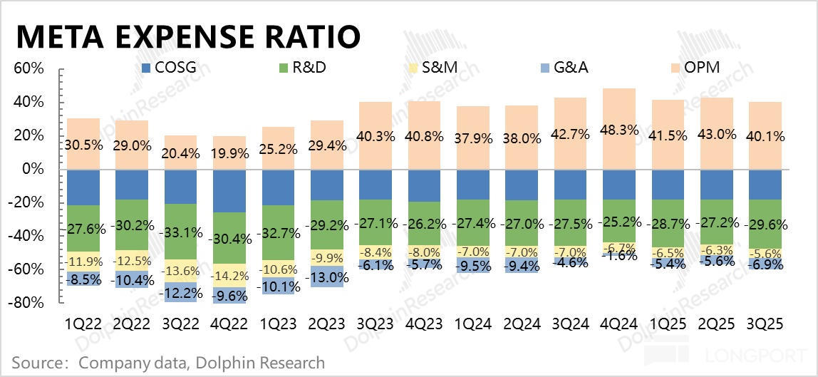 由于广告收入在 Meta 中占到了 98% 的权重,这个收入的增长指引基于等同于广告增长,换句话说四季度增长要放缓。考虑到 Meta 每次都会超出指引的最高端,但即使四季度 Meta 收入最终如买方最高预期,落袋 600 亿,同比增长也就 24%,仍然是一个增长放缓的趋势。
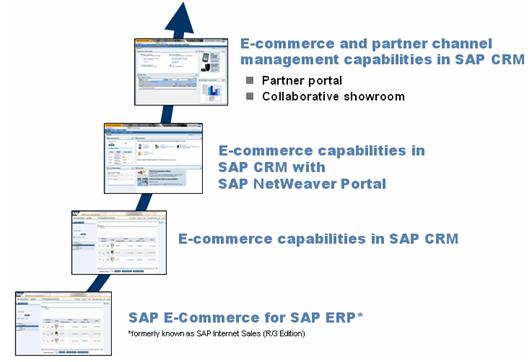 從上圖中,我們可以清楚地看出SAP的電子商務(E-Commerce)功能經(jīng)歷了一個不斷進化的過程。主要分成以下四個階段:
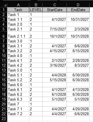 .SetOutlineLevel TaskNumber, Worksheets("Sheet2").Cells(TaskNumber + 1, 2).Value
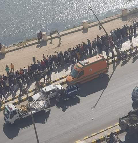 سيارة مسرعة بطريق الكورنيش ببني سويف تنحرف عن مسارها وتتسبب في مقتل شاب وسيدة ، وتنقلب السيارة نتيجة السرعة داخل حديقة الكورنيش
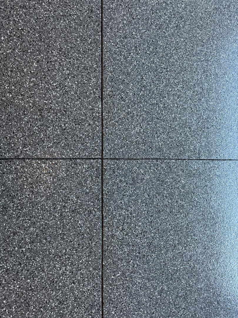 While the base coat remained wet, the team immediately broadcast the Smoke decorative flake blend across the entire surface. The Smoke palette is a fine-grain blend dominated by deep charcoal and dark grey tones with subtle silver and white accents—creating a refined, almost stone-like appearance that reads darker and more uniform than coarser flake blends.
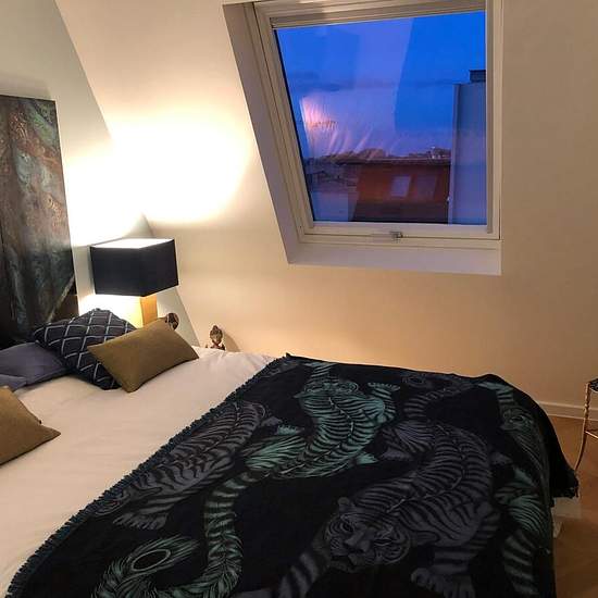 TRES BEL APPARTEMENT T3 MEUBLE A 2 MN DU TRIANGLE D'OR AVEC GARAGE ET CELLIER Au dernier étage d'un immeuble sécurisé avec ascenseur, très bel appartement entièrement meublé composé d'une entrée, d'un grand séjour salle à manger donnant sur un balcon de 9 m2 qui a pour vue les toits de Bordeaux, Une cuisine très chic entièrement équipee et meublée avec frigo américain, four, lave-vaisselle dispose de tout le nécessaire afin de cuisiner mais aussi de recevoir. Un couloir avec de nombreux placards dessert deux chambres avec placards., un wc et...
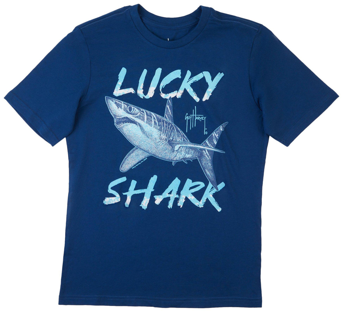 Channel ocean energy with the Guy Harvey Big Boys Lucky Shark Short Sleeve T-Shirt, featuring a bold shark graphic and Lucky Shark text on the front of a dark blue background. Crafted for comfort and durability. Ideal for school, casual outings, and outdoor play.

________________

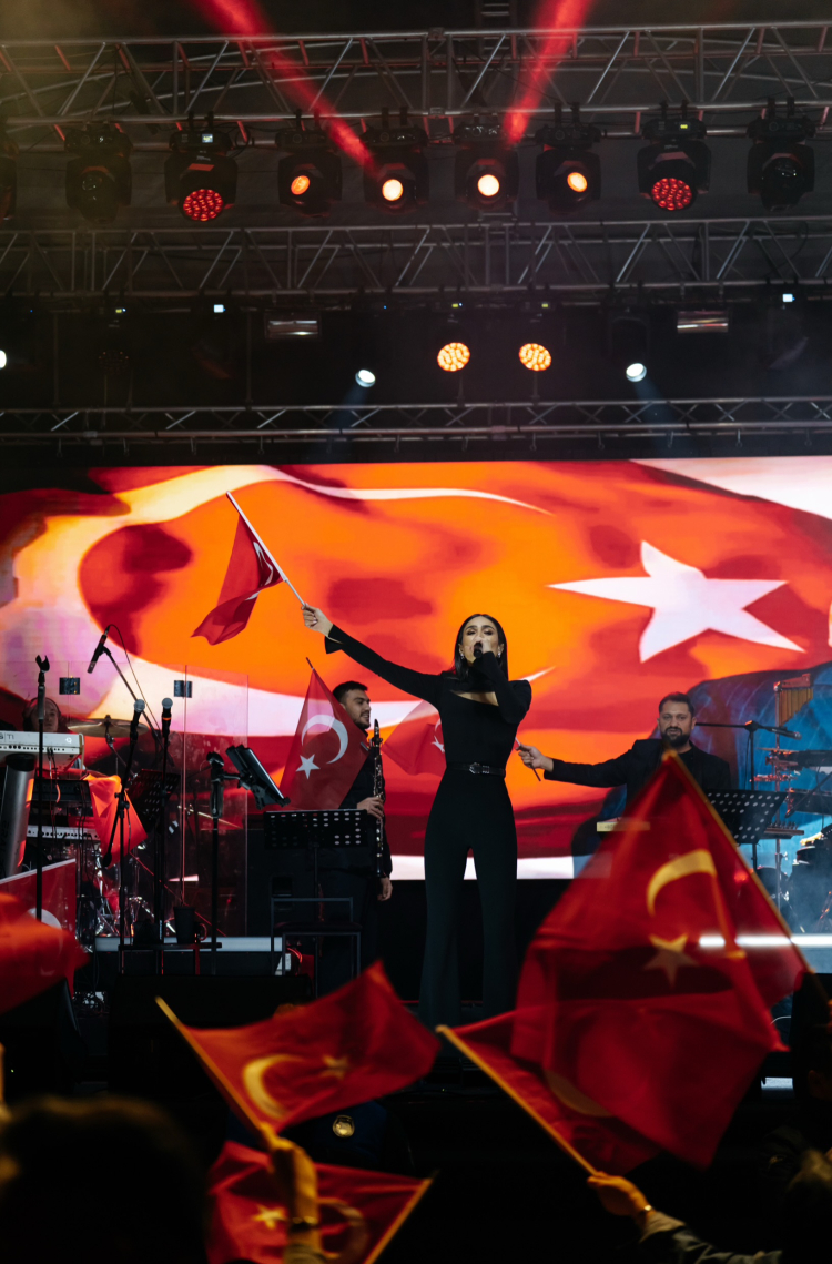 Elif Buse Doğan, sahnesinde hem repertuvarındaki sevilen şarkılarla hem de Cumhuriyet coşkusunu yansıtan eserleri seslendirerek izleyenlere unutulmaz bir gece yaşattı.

________________

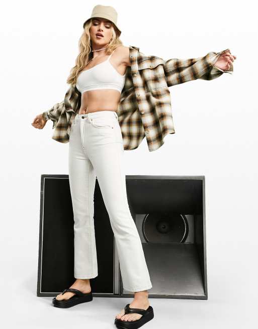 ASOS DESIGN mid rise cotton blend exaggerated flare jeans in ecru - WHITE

________________

PROBLEM DETAILS:
In the entries above, find the line containing "由于广告收入在 Meta 中占到了" and the line containing "While the base"; give again exactly those two lines and every line between them, minus the pictures.

PROBLEM SOLUTION:
 由于广告收入在 Meta 中占到了 98% 的权重,这个收入的增长指引基于等同于广告增长,换句话说四季度增长要放缓。考虑到 Meta 每次都会超出指引的最高端,但即使四季度 Meta 收入最终如买方最高预期,落袋 600 亿,同比增长也就 24%,仍然是一个增长放缓的趋势。
 從上圖中,我們可以清楚地看出SAP的電子商務(E-Commerce)功能經(jīng)歷了一個不斷進化的過程。主要分成以下四個階段:
 .SetOutlineLevel TaskNumber, Worksheets("Sheet2").Cells(TaskNumber + 1, 2).Value
 سيارة مسرعة بطريق الكورنيش ببني سويف تنحرف عن مسارها وتتسبب في مقتل شاب وسيدة ، وتنقلب السيارة نتيجة السرعة داخل حديقة الكورنيش
 While the base coat remained wet, the team immediately broadcast the Smoke decorative flake blend across the entire surface. The Smoke palette is a fine-grain blend dominated by deep charcoal and dark grey tones with subtle silver and white accents—creating a refined, almost stone-like appearance that reads darker and more uniform than coarser flake blends.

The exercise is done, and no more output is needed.